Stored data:

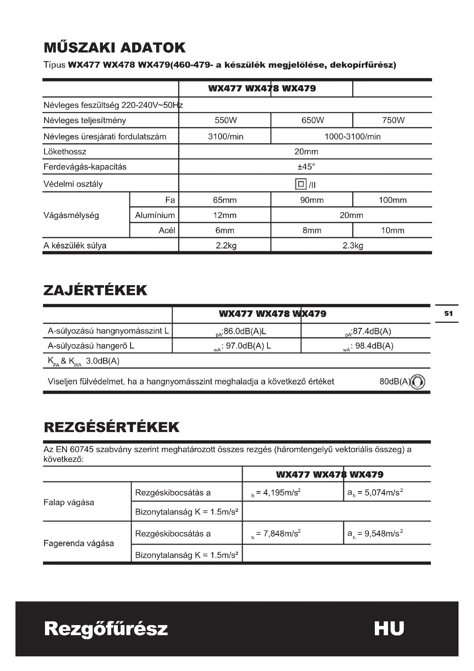 Típus WX477 WX478 WX479(460-479- a készülék megjelölése, dekopírfűrész) WX477 WX478 WX479 Névleges feszültség 220-240V~50Hz Névleges teljesítmény 550W 650W 750W Névleges üresjárati fordulatszám 3100/min 1000-3100/min Lökethossz 20mm Ferdevágás-kapacitás ±45° Védelmi osztály /II Vágásmélység Fa 65mm 90mm 100mm Alumínium 12mm 20mm Acél 6mm 8mm 10mm A készülék súlya 2.2kg 2.3kgRezgőfűrész HU
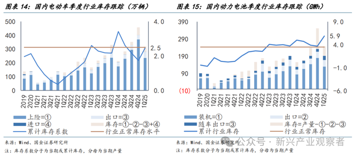 2025年一季度电动车、动力电池库存水平提升。我们通过电动车及电池产量及需求测算行业季度库存水平,4Q25~1Q25,电动车/电池库存系数分别由1.7/3.7触底,回升至2.5/5.9,其中动力电池库存位于合理水平(3.5)上方、电动车库存水平(2.5)合理。根据乘联会崔东树,新能源经销商厂家和渠道库存明显上升,行业库存总体压力逐步加大。
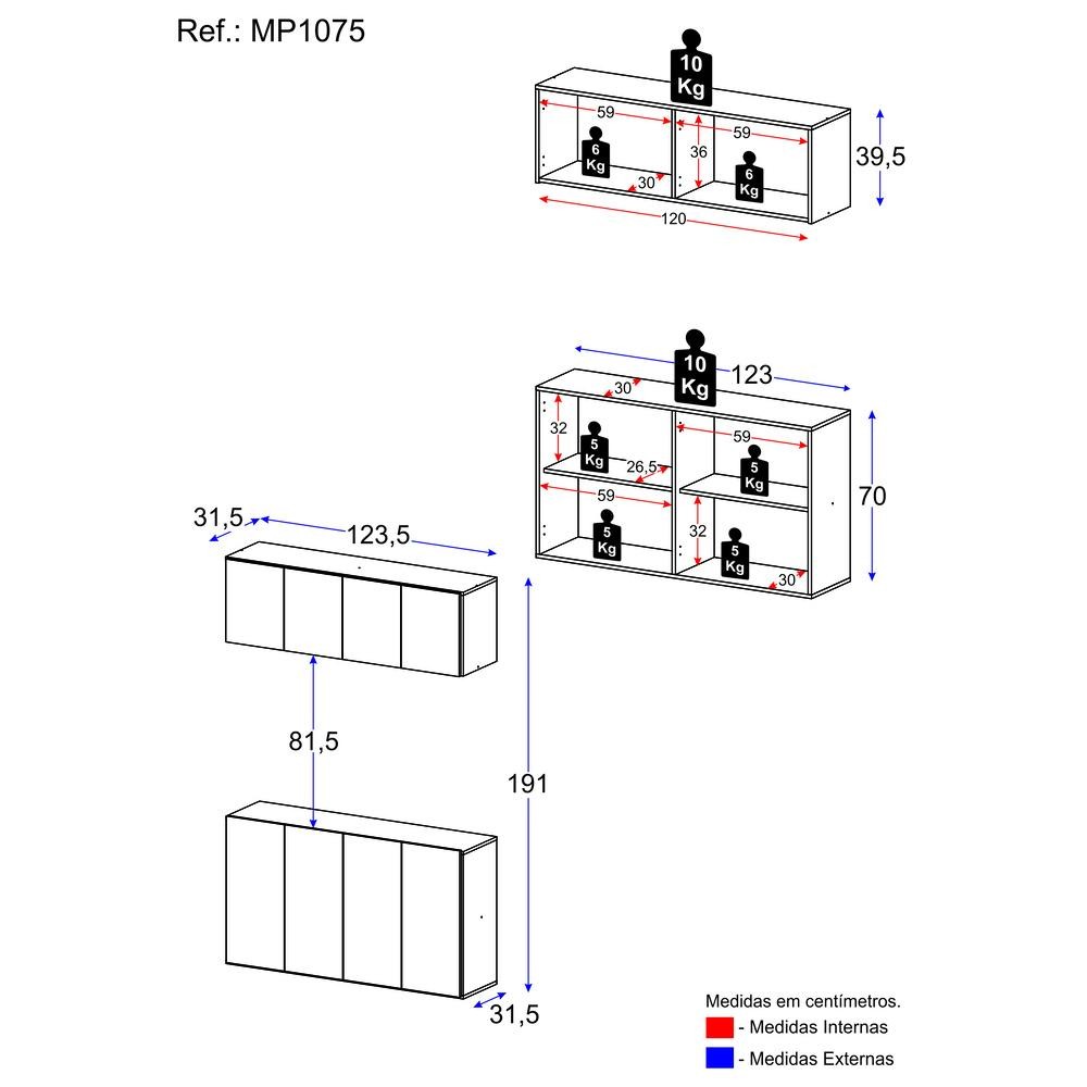 Receba seus convidados com estilo e sofisticação com o Kit Bar Armário Aéreo e Aparador 4 Portas Multimóveis MP1075. Fabricado em MDP com acabamento acetinado (cerca de 20% de brilho), garante durabilidade e resistência. Composto por um aparador com quatro portas e prateleiras e um armário aéreo também com quatro portas, oferece amplo espaço interno para organizar bebidas, copos e outros itens de bar. Seu design clean proporciona um visual moderno e bonito. Por ser suspenso, otimiza o espaço e facilita a limpeza do ambiente. Conteúdo da Embalagem: 1 (um) Aparador 1 (um) Armário Aéreo Manual de Montagem Kit Ferragem Dimensões do produto montado: Armário Aéreo - Altura: 39,5cm | Largura: 123,5cm | Profundidade: 31,5cm Aparador - Altura: 70cm | Largura: 123cm | Profundidade: 31,5cm *Você pode consultar as medidas detalhadas na imagem técnica do produto. *As cores do produto podem sofrer variações de tonalidade de acordo com as configurações do seu dispositivo. Imagem meramente ilustrativa. Decoração não acompanha o produto. O produto será entregue desmontado e não disponibilizamos o serviço de montagem.
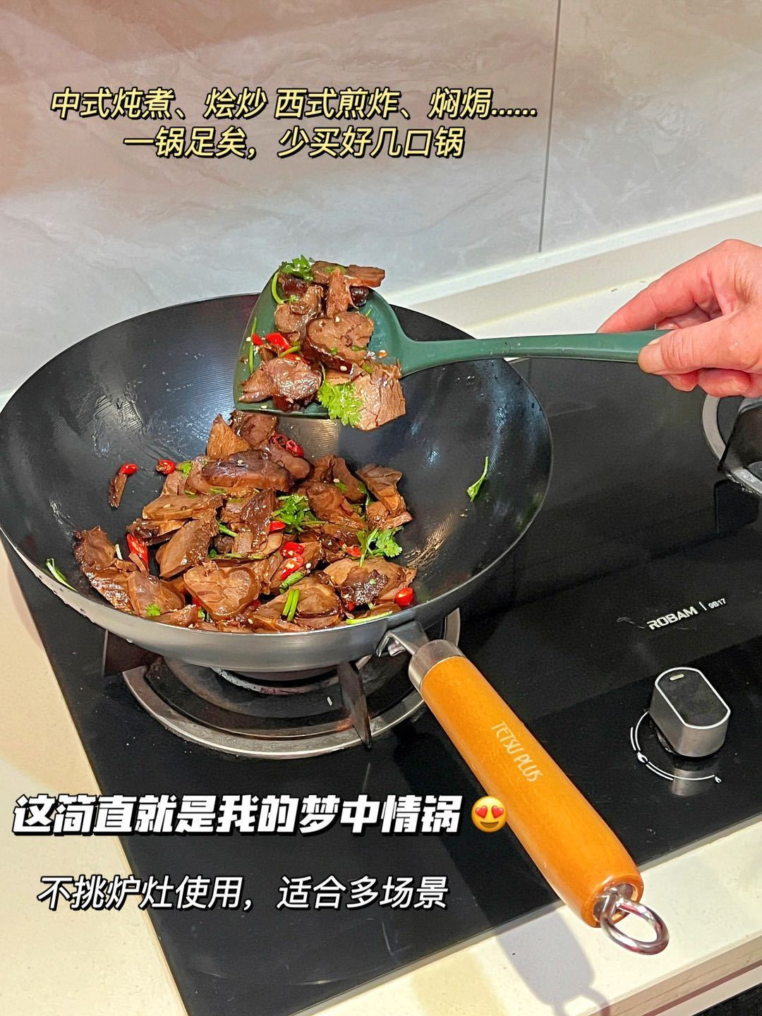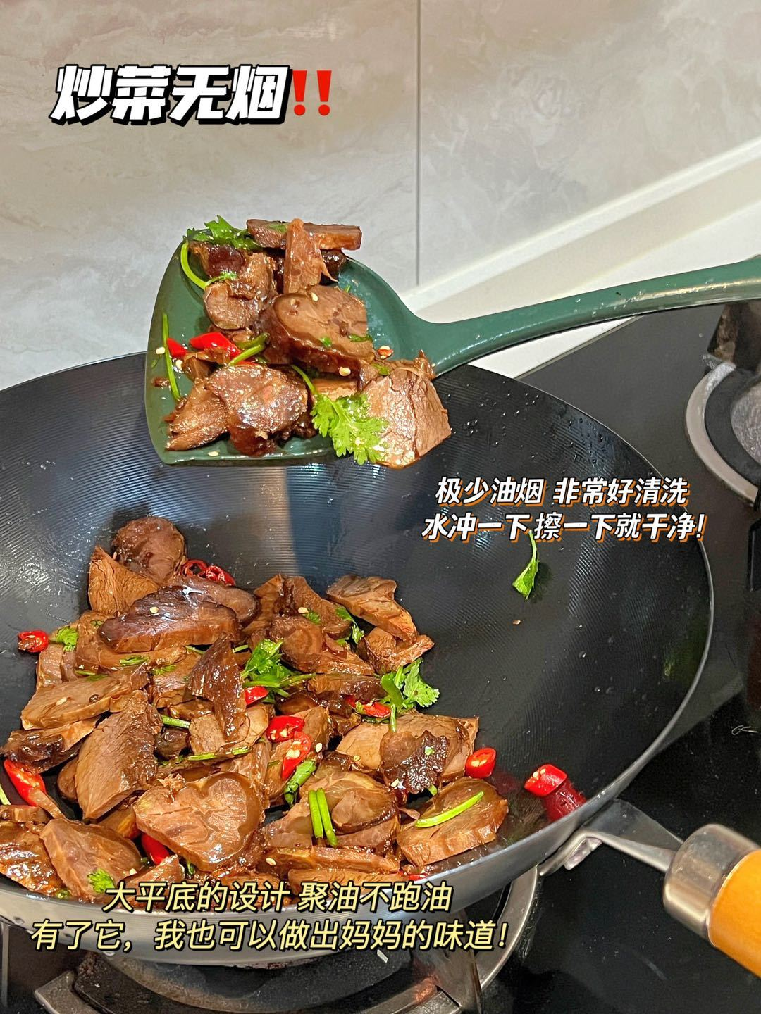极铁锅的导热效率高,让食物受热均匀;炒得快,食材水分流失少,炒出来的食物口感自然更好。
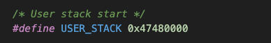 user stack의 주소는 0x47480000 부터 시작해서 아래로 증가한다는 점을 기억하자.
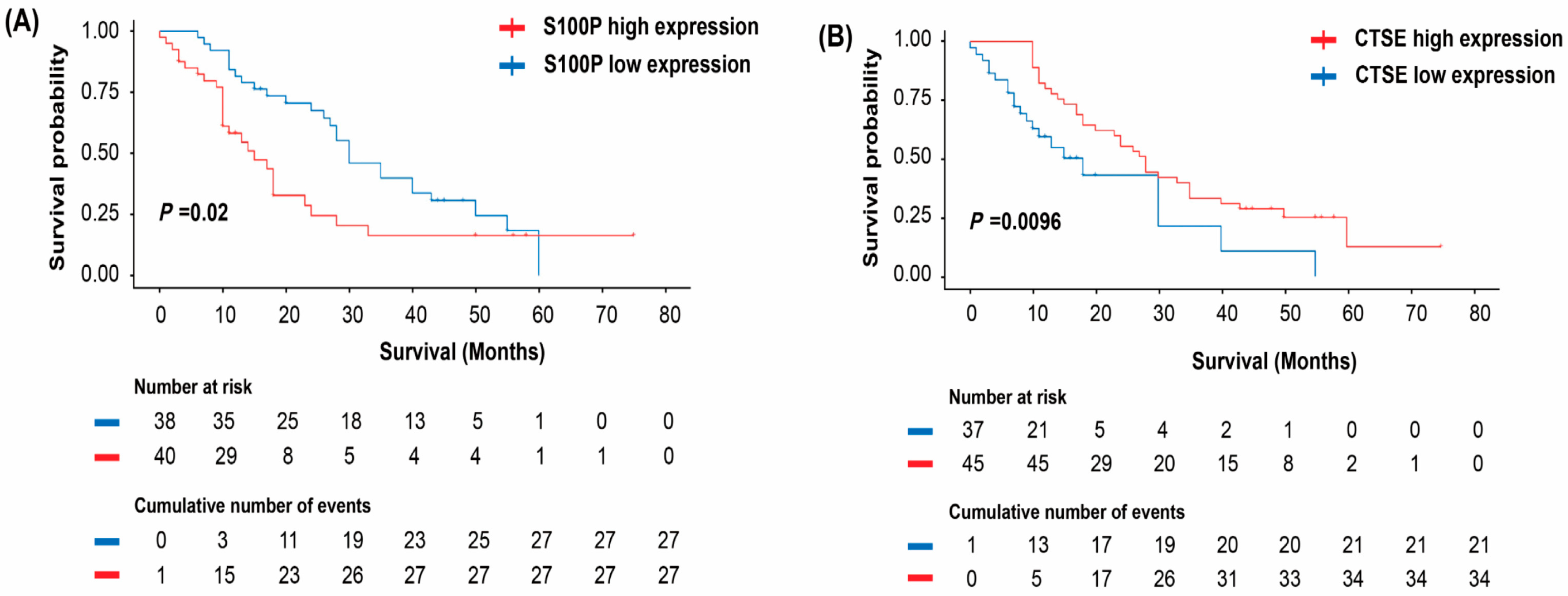 For discordant evaluations, a third blinded pathologist re-scored the slides, and final scores were determined by consensus. Of the 90 tissue pairs, 12 were excluded from S100P analysis and 8 from CTSE analysis due to suboptimal staining or insufficient tumor content, yielding 78 evaluable S100P and 82 evaluable CTSE pairs. Optimal cut-off values for survival analysis were determined via iterative Kaplan–Meier analysis to maximize discrimination in survival outcomes: S100P expression was classified as low (<180) or high (≥180), and CTSE expression as low (≤170) or high (>170).
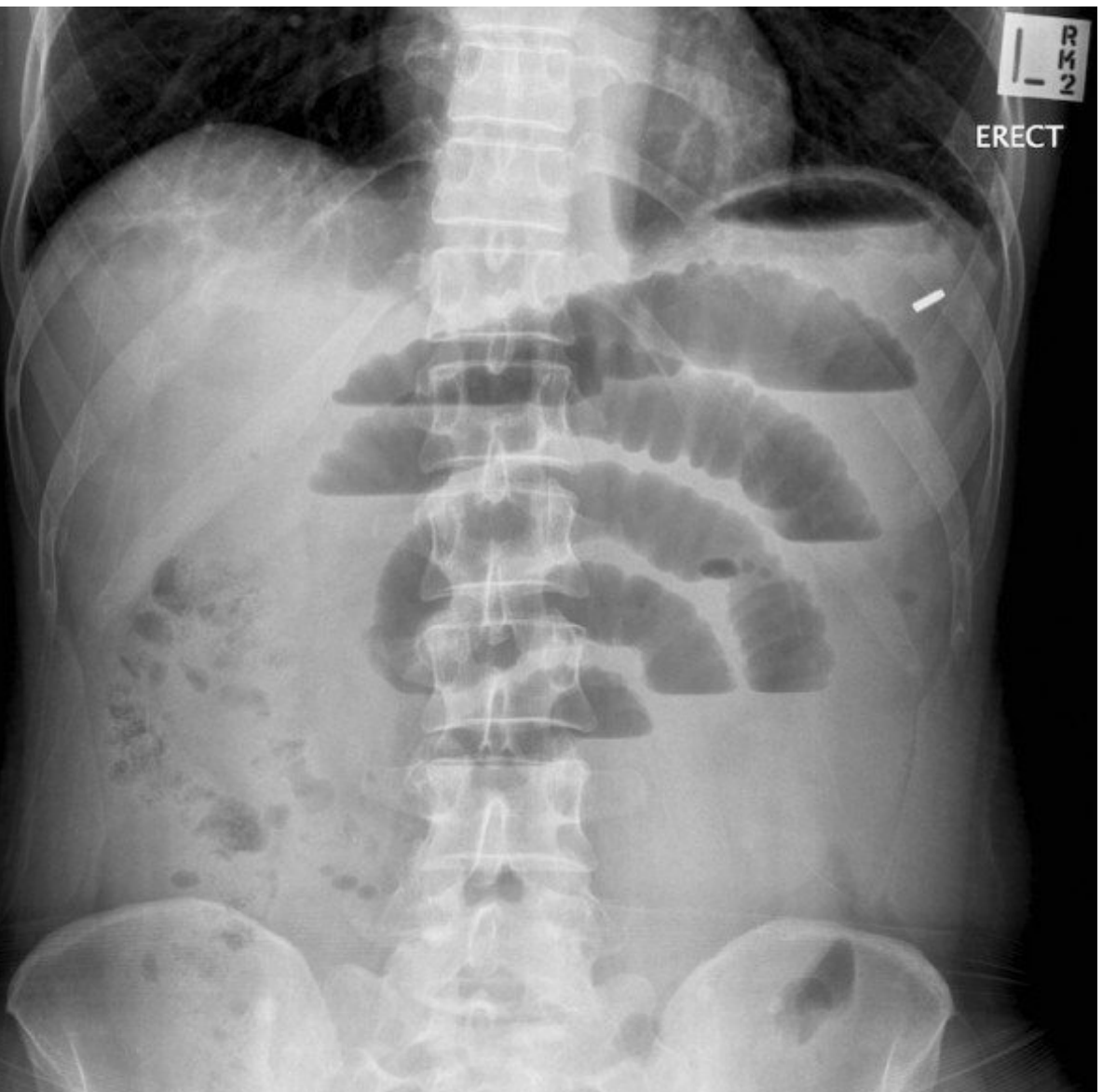 * dilated small bowel loops
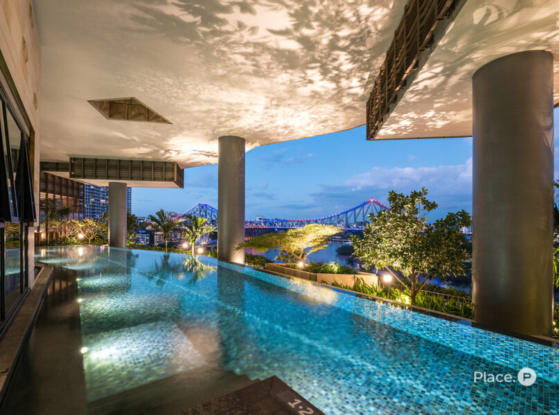Complete with a powder room and an internal laundry with a separate drying room, the property also includes ducted air-conditioning, intercom security, seamlessly concealed storage, a separate on-title storage cage and arguably the building’s best side-by-side parking for two cars positioned on the first level of the residents’ parking areas with views of the Story Bridge. Designed by internationally acclaimed studio WOHA in collaboration with the renowned local design firm Architectus for Brisbane’s subtropical climate, the complex offers the use of its twenty five metre riverside infinity pool, yoga terrace, cabana lounge areas, fitness centre, barbecue deck, formal dining/kitchen spaces, communal gardens and terraces.
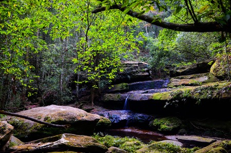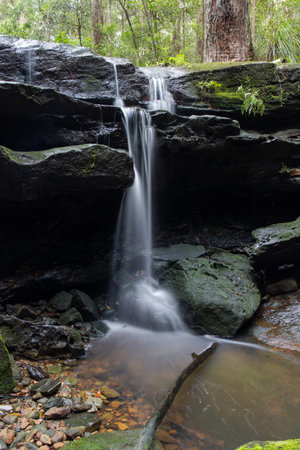 A fast running stream with small waterfalls in a woodland soth of Sydney, Australia.

Work to complete: Please repeat, exactly as written, only the lines from the line with "For discordant evaluations, a" to the end of the data, leaving out every picture.

Exercise response:
 For discordant evaluations, a third blinded pathologist re-scored the slides, and final scores were determined by consensus. Of the 90 tissue pairs, 12 were excluded from S100P analysis and 8 from CTSE analysis due to suboptimal staining or insufficient tumor content, yielding 78 evaluable S100P and 82 evaluable CTSE pairs. Optimal cut-off values for survival analysis were determined via iterative Kaplan–Meier analysis to maximize discrimination in survival outcomes: S100P expression was classified as low (<180) or high (≥180), and CTSE expression as low (≤170) or high (>170).
 * dilated small bowel loops
Complete with a powder room and an internal laundry with a separate drying room, the property also includes ducted air-conditioning, intercom security, seamlessly concealed storage, a separate on-title storage cage and arguably the building’s best side-by-side parking for two cars positioned on the first level of the residents’ parking areas with views of the Story Bridge. Designed by internationally acclaimed studio WOHA in collaboration with the renowned local design firm Architectus for Brisbane’s subtropical climate, the complex offers the use of its twenty five metre riverside infinity pool, yoga terrace, cabana lounge areas, fitness centre, barbecue deck, formal dining/kitchen spaces, communal gardens and terraces.
 A fast running stream with small waterfalls in a woodland soth of Sydney, Australia.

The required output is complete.